| Apache UIMA GaleMultiModalSample README file |
| |
| GALE Multi-Modal NLP Sample Application |
| |
| INTRODUCTION |
| ------------ |
| |
| When complete this sample application will demonstrate how to implement a multi-modal UIMA pipeline |
| of NLP services capable of chaining together independently developed NLP engines to produce, for |
| example, a speech-to-speech application that transforms audio from one language to another, or one |
| that generates English captions for a foreign language news video. |
| It will include data-transformation routines that convert the output of one NLP engine into a format |
| suitable for input to another, while maintaining cross-reference links that allow, for example, |
| words in a translation to be aligned with the audio in the source language that generated them. |
| The sample NLP engines included will only simulate the real NLP work (e.g. speech recognition, |
| machine translation, entity detection, etc.) but examples of the usage of some open-source engines |
| may ne provided. |
| |
| This sample multi-modal application is based on the one used to develop the GALE Interoperabilty |
| Demonstration system (IOD) that uses UIMA-AS to interconnect 11 different types of NLP analytics |
| distributed over 7 research facilities in 3 countries to transcribe, translate, and extract |
| information from foreign language news broadcasts [1]. |
| The GALE TypeSystem (GTS) is spread over a number of files so that each NLP engine's types are |
| concentrated on one or two files [2]. |
| |
| CONTENTS |
| -------- |
| |
| Just the typesystem so far. |
| |
| |
| REFERENCES |
| ---------- |
| |
| [1] J. F. Pitrelli, B. L. Lewis, E. A. Epstein, M. Franz, D. Kiecza, J. L. Quinn, G. Ramaswamy, |
| A. Srivastava, and P. Virga, |
| "Aggregating Distributed STT, MT, and Information Extraction Engines: |
| The GALE Interoperability-Demo System", |
| Proc.
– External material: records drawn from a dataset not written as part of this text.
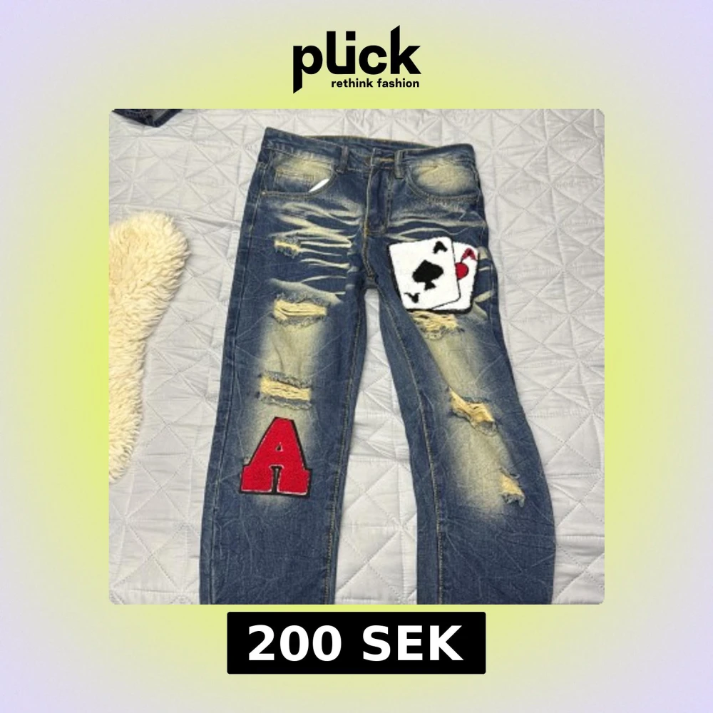 Jeans med patches, vet ej vart ifrån men inte något känt märke. Hör av dig om du har frågor.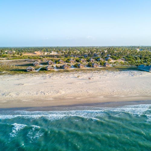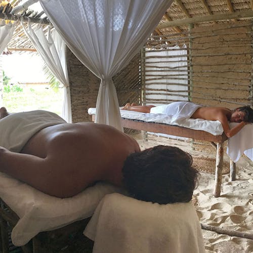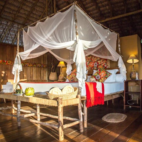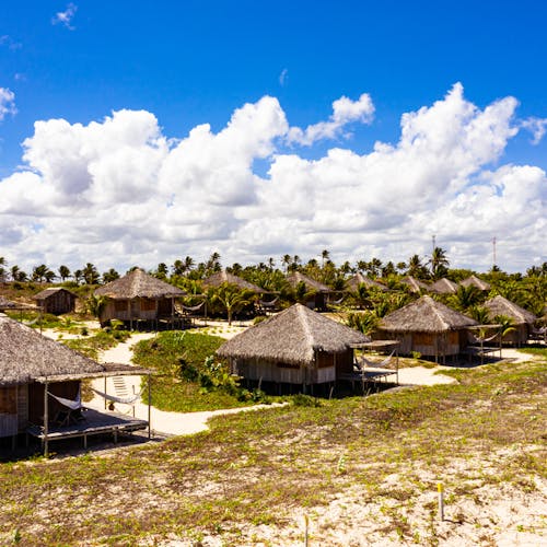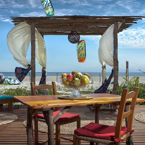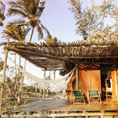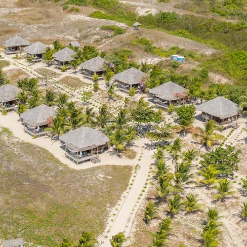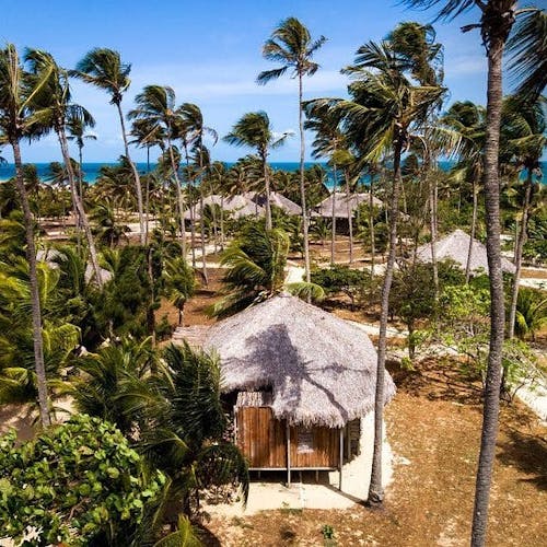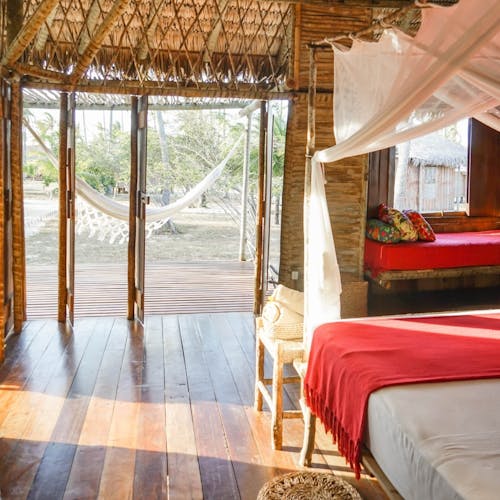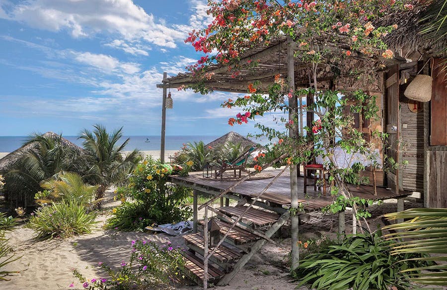 Bangalôs naturais que nem precisam de ar condicionado: a brisa do mar basta pela forma como são construídos e os materiais utilizados. Você sai da sua cabana direto na areia da praia.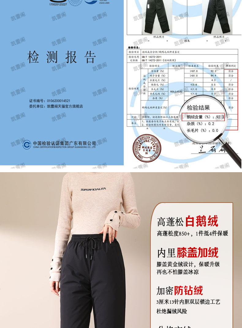 Pierre Cardin -40 Degree down Pants for Women, Suitable for Outdoor Wear, Detachable, Winter, Loose Fit, Plus Size, for Middle-Aged and Elderly, Goose down Pants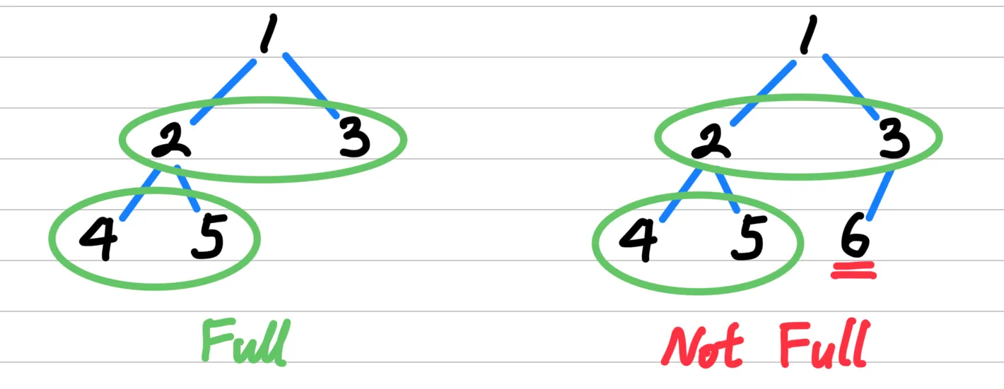 - In other words, if any node has exactly one child (either left or right), then the tree is not a full binary tree.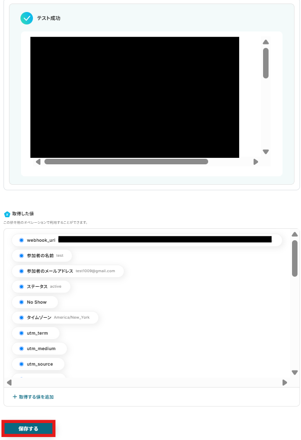 確認できたら、Yoomの画面に戻り「保存する」をクリックします。

Interspeech 2008. |
| http://www.isca-speech.org/archive/interspeech_2008/i08_2743.html |
| |
| [2] J. F. Pitrelli, B. L. Lewis, E. A. Epstein, J. L. Quinn, and G. Ramaswamy, |
| "A Data Format Enabling Interoperation of Speech Recognition, Translation and Information Extraction Engines: |
| The GALE Type System", |
| Proc. Interspeech 2008. |
| http://www.isca-speech.org/archive/interspeech_2008/i08_1654.html |